# cat started peeing everywhere again :( :(



## jenna288 (Nov 14, 2015)

Hello , I previously posted about one of my cats peeing in the house. Thanks to all your suggestions including changing type of litter, extra trays, having him neutered etc the problem was resolved for about 3 months. I was able to let him into carpeted rooms again without any problems. My issue is ive just started smelling faint smells of cat pee again. I found the smell on a towel that was hung up, on skirting boards, on door mat amongst other places. I suspect he is spraying maybe? as the areas don't seem to be saturated. I am at my wits end again - cleaning things daily  I have not seen him do this so it could be the other cat (who does seem more dominant of the 2) but i do seem to have reoccuring problems with toilet training with the less dominant cat so suspect its him. They are brothers and get on very well

any advice on how to resolve this?

also, I am feeling guilty because they usually sleep in the house (sometimes on our bed) but tonight i have put them in our utility room (there is a cat flap to the garden if they want to go out). They have a box with an electric heated pet mat and blanket and i have plugged an electric heater in there. and they have their food, water and litter tray. will they be okay in there? I feel bad for them but i have spent the last few days trying to find where the smells are coming from and cleaning everywhere :s x


----------



## jenna288 (Nov 14, 2015)

...just been googling - could this be a uti? just been upstairs and smelt pee again and theres splashes of it on bathroom floor  x


----------



## Pet Nanny Care (Feb 15, 2016)

Hi Jenna,

Just saw another post with a similar problem and I suggested the following:

- If you have 2 cats you should have 2 litters. Cats do not like sharing litters and having another litter will only encourage your cat to use the new one. 
- clean your litters frequently with water & soap
- put enough litter in your litter tray
- do not have closed litters, some cats do not like these.
- if you are using litter liner - this may also be the cause of the problem. some cats do not like litter liners.
- just have simple plastic litters that are big enough for your cats.
- Remove any mats that have been previously peed on (temporarily until your cat starts using the new additional litter) 
- If there's a spot that your cat likes to use as its litter, cover this area with an object or close doors to these rooms.
- give your cat a treat and make fuss when your cat uses the litter!
- check for discomforts. Is your cat walking/jumping properly? If not, your cat might be in pain and might not want to climb inside the litter and will end up peeing somewhere else!

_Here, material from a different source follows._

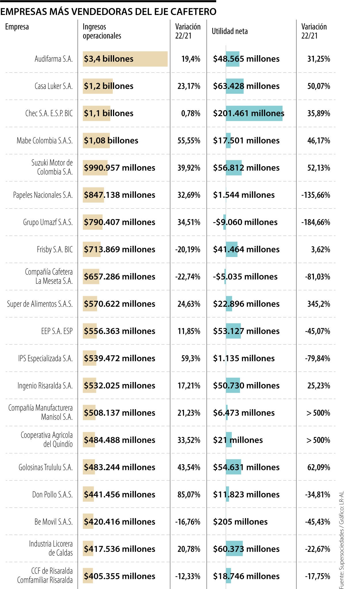 Basados en el informe de la Supersociedades, LR recopila las empresas que registraron los mayores ingresos en la región en 2022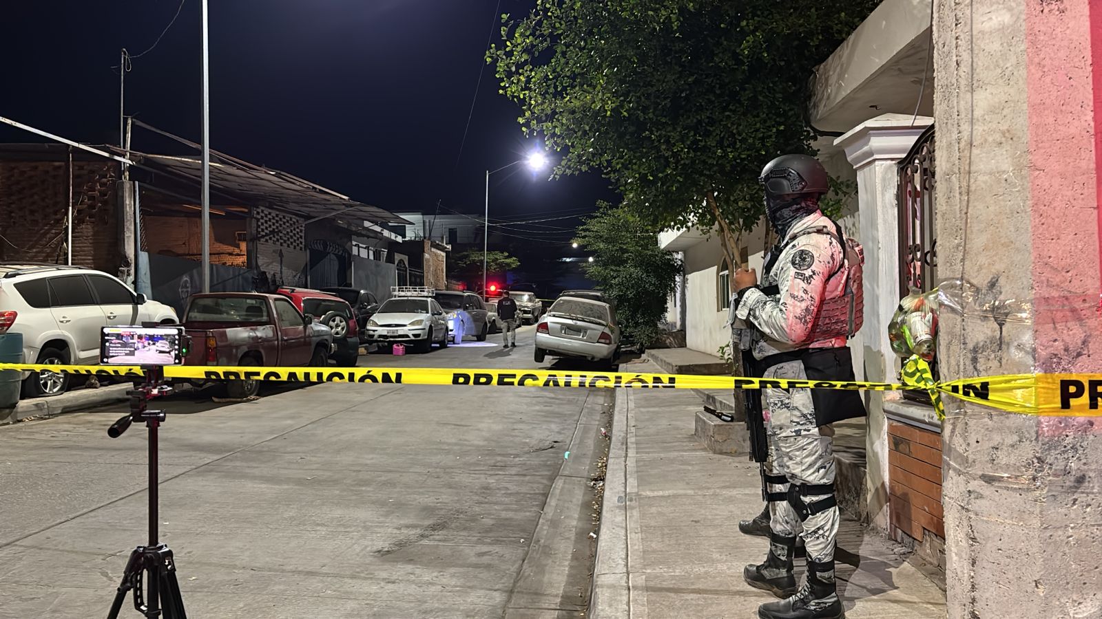 En el lugar de los hechos, la policía localizó varios casquillos de arma de fuego de grueso calibre, los cuales fueron asegurados mediante el acordonamiento con cinta amarilla.

I have two cats of my own, a boy and a girl. The girl starting peeing and pooping everywhere. The above helped and solved my problem 

Don't feel bad about leaving your cats in the utility room (with access to garden!) Cats are more active at night and tend to sleep for most of the day. So they'll be going out in the garden investigating whilst you're asleep!

Pet Nanny Care


----------



## chillminx (Nov 22, 2010)

jenna288 said:


> Hello , I previously posted about one of my cats peeing in the house. Thanks to all your suggestions including changing type of litter, extra trays, having him neutered etc the problem was resolved for about 3 months. I was able to let him into carpeted rooms again without any problems. My issue is ive just started smelling faint smells of cat pee again. I found the smell on a towel that was hung up, on skirting boards, on door mat amongst other places. I suspect he is spraying maybe? as the areas don't seem to be saturated. I am at my wits end again - cleaning things daily  I have not seen him do this so it could be the other cat (who does seem more dominant of the 2) but i do seem to have reoccuring problems with toilet training with the less dominant cat so suspect its him. They are brothers and get on very well
> 
> any advice on how to resolve this?
> 
> also, I am feeling guilty because they usually sleep in the house (sometimes on our bed) but tonight i have put them in our utility room (there is a cat flap to the garden if they want to go out). They have a box with an electric heated pet mat and blanket and i have plugged an electric heater in there. and they have their food, water and litter tray. will they be okay in there? I feel bad for them but i have spent the last few days trying to find where the smells are coming from and cleaning everywhere :s x


Hi again @jenna288 , I am sorry to hear you are having more problems again with your kitten urinating away from the trays. I am thinking as you have found urine stains/smells on skirting board, a door mat and on a towel hanging up it does sound as though he is spraying rather than simply soiling.

However, the fact you are finding only small amounts of urine could be indicative of spraying though it could also be indicative of feline cystitis, where the cat avoids the tray because they associate it with pain, and tend to pass small amounts of urine frequently. UTIs are rare in young cats, but cystitis is not so rare, and is caused by an irritation in the bladder (in some cases due to crystals) which causes a feeling of needing to go urgently. If you have ever had cystitis yourself you will know how painful it is.

I think it is a case of ruling out cystitis as a cause first. The vet may want to test your kitten's urine to see if there are any crystals in it, as well as possible bacteria (though as I say urinary infections are rare in young cats).

As I may have mentioned to you last time it is important with a cat who has any kind of bladder health problem that you feed a wet food diet, no dry food at all. This will increase the volume of urine and it will be more dilute so more comfortable to pass. If he is more comfortable then he will be more likely to use the trays.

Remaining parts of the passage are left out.